The documents for what Tamari calls “a miracle” are piling up on 2300 meters of shelves: records from Frankfurt soup kitchens shortly after the end of the war, where Jewish survivors coming from Poland were stranded after long marches. Minutes of board meetings of revitalized Jewish communities in which major socio-political issues and small personal disputes were negotiated. Estates and bequests of Jewish writers and intellectuals, family papers in an antique seaman’s suitcase, craftsmen’s bills and construction plans, for example for the new synagogue on Munich’s Jakobsplatz. After the Nazi era, Jews hardly stayed in Germany because they wanted to, says Tamari. “They stayed because nobody else wanted them.” And that from this collection of physically or mentally handicapped people a community life could flourish again: “That could not be foreseen.”

It is important to Tamari that future generations can approach this miracle one day – “through real data, not metadata”. Every historiography is ultimately an interpretation that follows the perspectives of its time. In 200 years, however, people would certainly look at the past very differently than they do today. “If we don’t keep the sources, I’m afraid that all that remains of Judaism in Germany is ‘Schindler’s List’,” he says. The monstrosity of industrial mass murder by the Nazis often outshines the fact that there was Jewish life in Germany before, during and after the Shoah. And gives.

The miracle that he documents is still a “miracle in the making”: “We still have to work to ensure that the next generation stays here,” says Tamari. “We are still quarreling.” And as if to illustrate his words, he would long for a life in which not every Jewish institution, every Jewish festival has to be guarded by the police, shortly afterwards a gentleman stands in the foyer, short hair, polo shirt. “Hello,” he says, “I’m from the State Security Service – could I see the premises because of the ceremony on Tuesday?”
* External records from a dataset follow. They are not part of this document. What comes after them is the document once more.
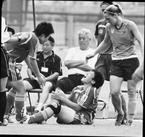 馬曉旭是4月1日受傷的,當時女足正在踢熱身賽,與第二次受傷一樣,在沒有任何征兆甚至沒有任何拼搶的情況下,馬曉旭突然倒地。看著她抱著右膝痛苦的樣子,全隊人心都提到了嗓子眼。檢查結果證明了最壞的猜測,那條脆弱的十字韌帶再次斷裂。在昆明度過了漫長的4天之后,5日下午,馬曉旭與幾位大連隊友返回大連。當她坐著機場的輪椅被推出來時,早已守候在機場大廳的曉旭媽媽急急迎上去,把一副拐杖遞給女兒,扶女兒站起來走出機場,此時曉旭母親已淚流滿面。
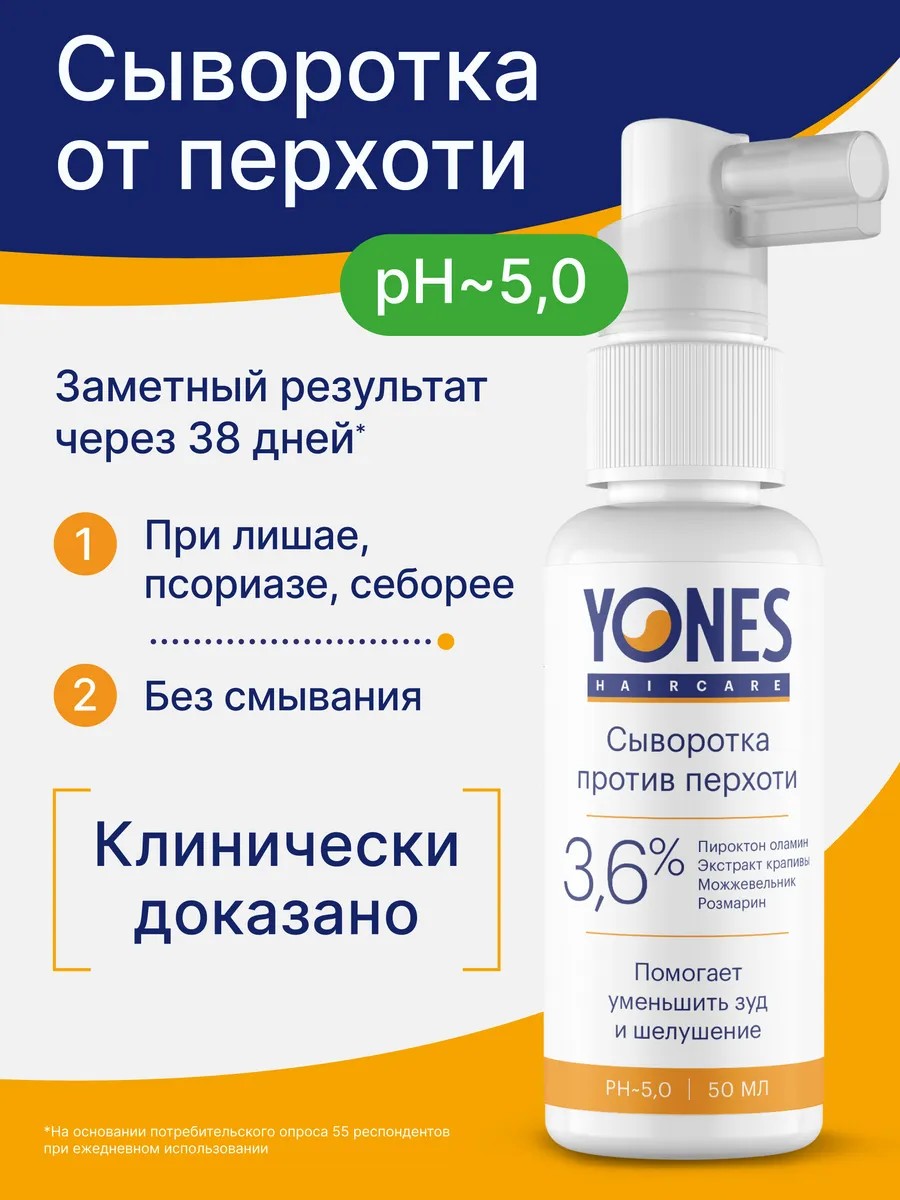 YONES serum is a professional treatment for dandruff and seborrheic dermatitis. Piroctone olamine is a key active ingredient in this leave-in serum. Dermatologists note its strong antifungal and bactericidal properties, and it also relieves itching and flaking. Therefore, the serum prevents the development of microbial flora, such as during scratching, when the risk of skin damage and infection is high. Thanks to its active formula with piroctone olamine, the serum has high substantivity, meaning it stays on the scalp and hair longer than other brands' products for all hair types and sensitive scalps. This results in a pronounced, prolonged therapeutic anti-dandruff and scalp-soothing effect. From the first use of this moisturizing serum for both women and men, suppression of lipophilic yeast activity and normalization of sebum production are observed. Therefore, inflammation and redness are quickly relieved. The active formula of nettle extract has anti-inflammatory, moisturizing, and strengthening effects. Nettle enriches the scalp and hair roots with oxygen, enhances tissue metabolism, removes excess oil, and restores lipid balance. Rosemary oil enhances the antioxidant, anti-inflammatory, and crust-removing effects. A key advantage of the active formula with piroctone olamine is its excellent compatibility with other therapeutic and cosmetic products. This anti-dandruff serum is often used in combination with hair growth and anti-hair loss products. Because the skin becomes healthy and fungi and bacteria do not proliferate, favorable conditions are created for the restoration of the scalp's natural processes.
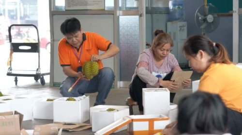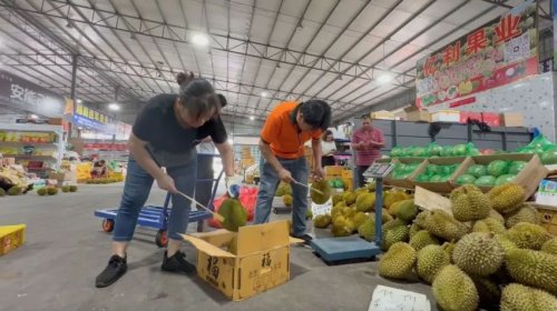 采访完徐钰锋,记者跟随潘新杰来到离邮政仓不远的水果市场,为当日线上订单客户挑选榴莲。“榴莲要通过敲打来分辨生熟程度。偏生,就适合发较远的地区;偏熟,则适合发往近的地方,这样可以保证客户收到水果时生熟正好。如果天气热,还要加冰来保证果肉新鲜。芒果如果是发到东北,我们会加装保温袋来避免水果冻伤。”说起不同水果的“发运经”,潘新杰滔滔不绝。

The premises – Tamari calls them an “archival paradise”. So not in a conversation with the civil servant who is more interested in entrances and exits, but rather when he is out and about in the republic to convince religious communities or private individuals that his factory floor in Heidelberg is the ideal place for their documents. He and his employees would send digital versions of the documents to the donors at any time if they needed them, “the community secretary in the basement won’t find them any faster either”. And donors would have the right for 70 years to refuse or approve requests for the inspection of documents by scientists, interested parties or genealogists – “longer than anywhere else”.

From 1905 to 1938 there was already the “General Archives of German Jews”

Before the documents come into the stackable boxes, which protect against fire and water, they have to be “demetallized” – every profession has its vocabulary. So get out paper clips and staples, they could damage the paper with rust. Then the content is roughly tagged. In his private life, Tamari likes to just stack his books along the wall, but professionally he works towards building up a document collection as well as a digital database that is networked with other institutions around the world.

Because his archive, supported by the Central Council of Jews, had a forerunner, the “General Archive of German Jews”, which existed from 1905 to 1938. When the Nazis seized it, they didn’t destroy the documents – “they were useful for tracking down Jews,” says Tamari. After the end of the war, the Americans took large parts of the material with them; it is now stored in Cincinnati. Some files went to Jerusalem, others to Russia. Documents on Jews who emigrated via France are in Paris, those of those who fled to Italy are in Milan. And although he would like to have all these files here in Heidelberg, he has to be a realist, says Tamari. “Nobody will return their holdings.”

So far, however, the network he dreams of has “more holes than knots,” admits Tamari. When collecting documents for databases, the backlog in the central archive is “currently around 75 percent”. Transferring the past into the future is only possible in small steps at the Heidelberg tobacco factory.